In this embodiment, the FLY signal for selecting the reproduction signal during reproduction and the signals ERI and ER2 for determining the energization time to the erasing head during recording have been described, but other selection signals (for example, when recording, the recording head A signal that determines the energization time can also be easily and stably obtained.

Effects of the Invention As described above, the present invention can generate a selection signal that stably and accurately follows the rotation of a rotary cylinder, and can use the FG double signal and PG double signal conventionally used for speed phase control, making it practical. extremely useful.
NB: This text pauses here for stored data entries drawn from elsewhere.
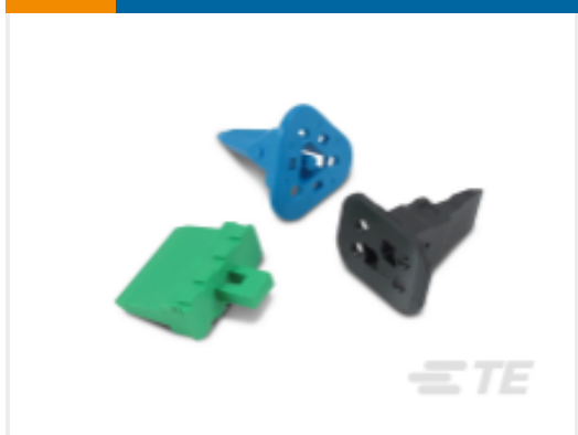
TE Part #W6P Wedgelocks: DEUTSCH DT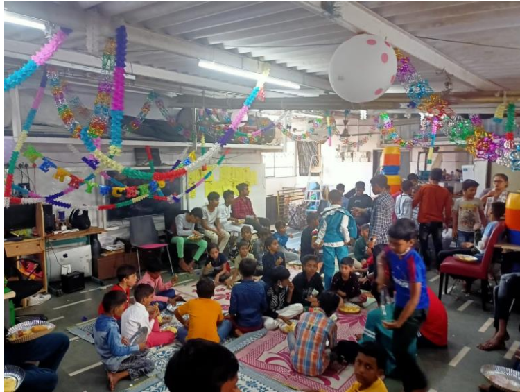
Christmas- new year celebration

Last but not the least, in the spirit of Dharavi, the Acorn community centre continues to celebrate the efforts of its leaders, volunteers and children. The centre hosted a Christmas party get-together for the children.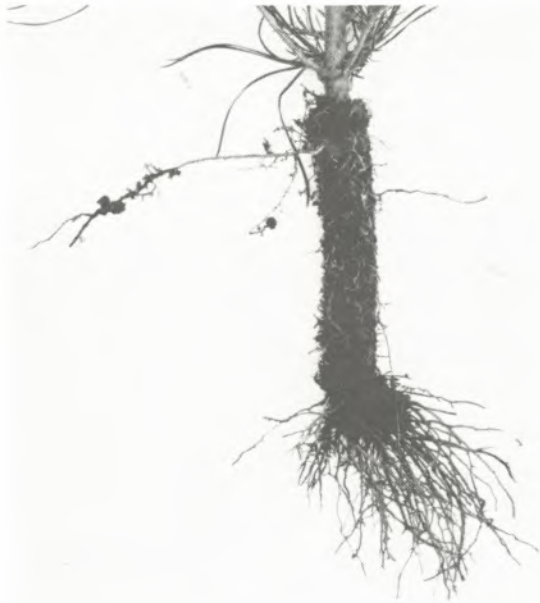
Figure 1. Root of an ordinary lodgepole pine plug seedling two seasons after planting.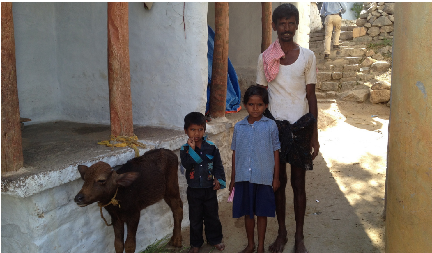
Photo: Halvi resident with his children

That means we still need £16,000 to complete Phase 1 of the office building project and to secure the future of the Halvi hostel plus £12,000 being 18 months running costs whilst we build them.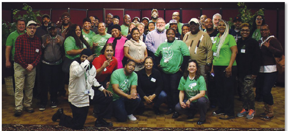
The Transportation Team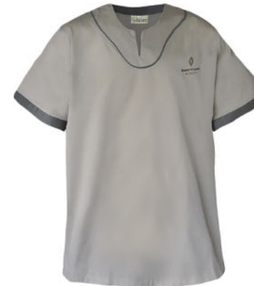
AT780E - UNISEX TUNIC SS WITH PIPING & SLEEVE TRIM - from R238.00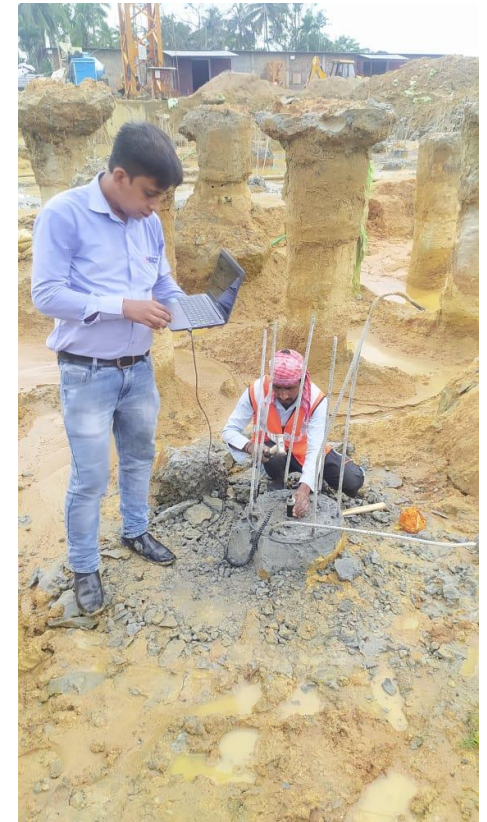
TRIPURESSARI DEVELOPERS, AGARTALA, TRIPURA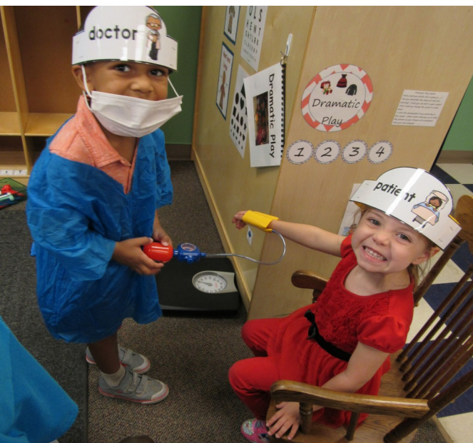
Ellsworth Head Start Parent Handbook

You will be contacted if your child becomes ill at school. You will be required to pick your child up immediately.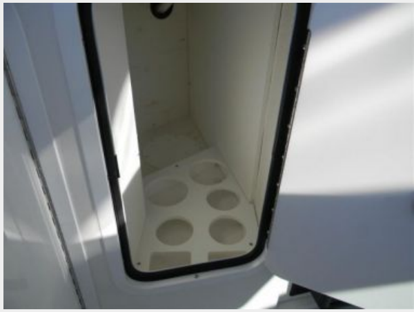
Cockpit Bottle Storage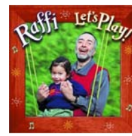
Let's Play! (J CD RAF)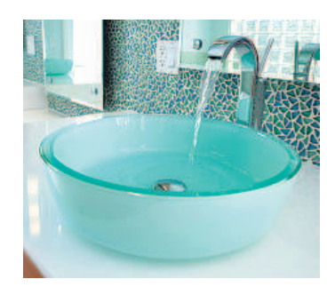
Aqua vessel sinks with Jado faucets are part of the master bathroom's waterfall theme. PAUL BURLINGAME

The ranch-style house's opposite wing contains the 1,100- square-foot game room, a playroom and a full bathroom. (The playroom has a three-level floor so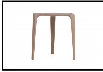
385 MARYS SIDE TABLE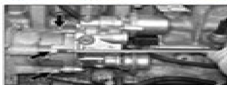
Servicing the high-pressure fuel system on turbo models, including replacing N57 fuel pump. 160 Fuel Tank and Fuel Pump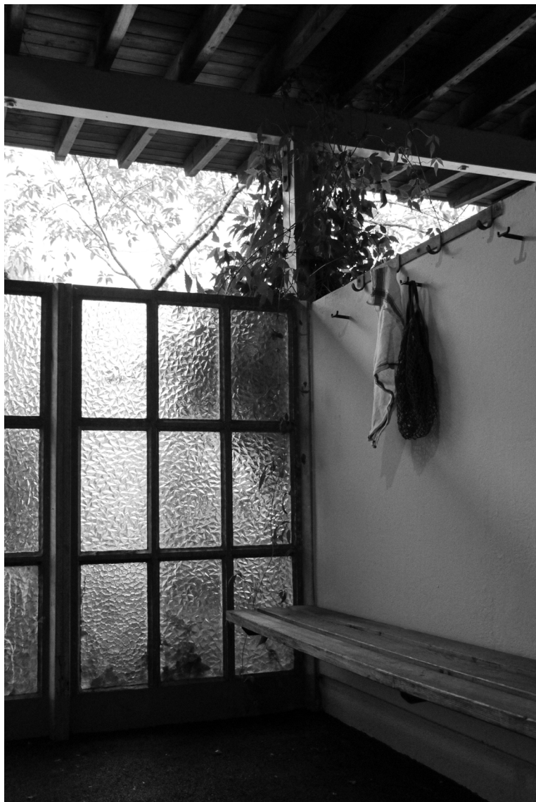
Changing room, Letzibad, 17:04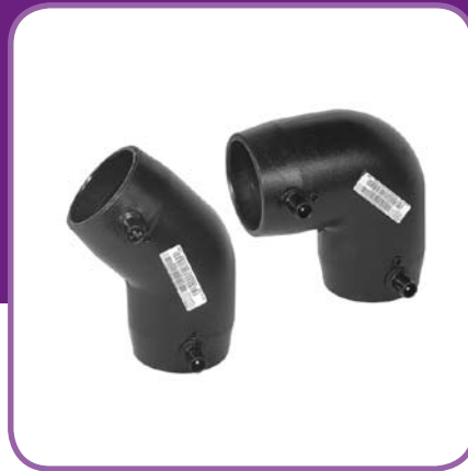
Electro fusion fittings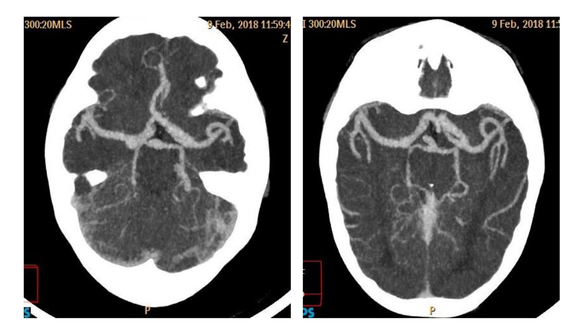
FIGURE 2 Computed tomography scan of brain showing giant circle of Willis

FIGURE 1 Computed tomography scan of chest showing substantial aortic root dilatation (white arrows), (a) pre-contrast administration; (b) post-contrast administration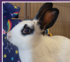
Peter Pan was with us 3 months and 10 days. Adopted!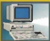
1981: IBM PC launched by IBM with DOS from Microsoft.

IT Project and Business Management + Leadership Through Enlightenment + Joyful Campus Life Over 4 Terms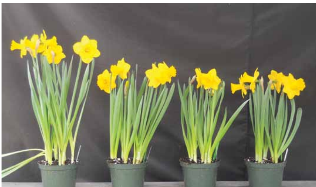
Figure 4. The effects of a Florel drench on 'Primeur' daffodils at full flower. Seventeen cold weeks in the greenhouse on Jan. 31. Left to right: Control (no Florel) or 250 ppm applied (4 ounces per 6-inch pot) one, six or nine days after transferring plants into the greenhouse.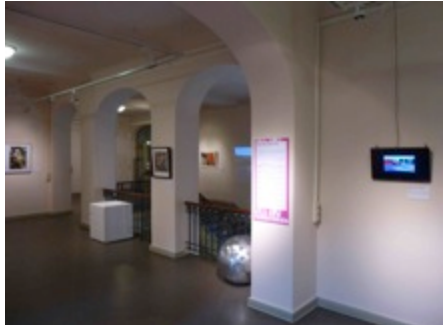
Gallery Installation view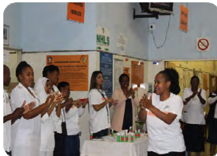
HANDWASH CAMPAIGN READ MORE ON PAGE 5

[Brief explanation of the drawing]

Fig. 1 is a block diagram showing a selection signal generating device of a magnetic recording/reproducing device according to an embodiment of the present invention, Fig. 2 is a block diagram showing the structure of a rotating cylinder, and Fig. 3 shows various tracks formed on its surface. FIG. 4 is a waveform diagram showing the operation of forming the selection signal of the selection signal generator of the magnetic recording/reproducing apparatus in one embodiment of the present invention, and FIG. 5 is a plan view of the conventional magnetic recording/reproducing apparatus. 1 is a block diagram showing a selection signal generating device of FIG. 1... Rotating cylinder, 2... Recording/playback head a, 3... Recording/playback head b, 4...
... Erasing head a, 5... Erasing head b
, 9... Magnetic head, 10... Magnet, 14... Selection pulse generator, 15...
...Motor that drives the rotating cylinder, 16...
・FC signal generator, 17... Frequency divider, 20...
...Pulse delay circuit, 21...Selection circuit,
33...Set/reset circuit. Name of agent: Patent attorney Toshio Nakao (1 person) Figure 2 Figure 4 Figure 5

Claims (1)

[Claims] A rotating cylinder having a rotating magnetic head that records, reproduces, or erases information by scanning a magnetic tape over a certain rotation angle, and a frequency generator that generates a speed panel signal (FG signal) by rotating the rotating cylinder. and one pulse (P
a PG pulse generator that generates a PG signal), a frequency divider that is reset by the PG signal and divides the frequency of the speed pulse, and a pulse delay that delays the output pulse of the frequency divider and generates a plurality of delayed pulses. a selection pulse generator that generates a selection pulse based on the output pulse of the frequency divider and a PG signal; and a selection pulse generator that selects the output of the pulse delay circuit based on the output of the selection pulse generator and outputs a set signal and a reset signal. 1. A selection signal generating device for a magnetic recording/reproducing device, comprising a selection circuit and a set/reset circuit whose output is set by a set signal of the selection circuit and set by a reset signal.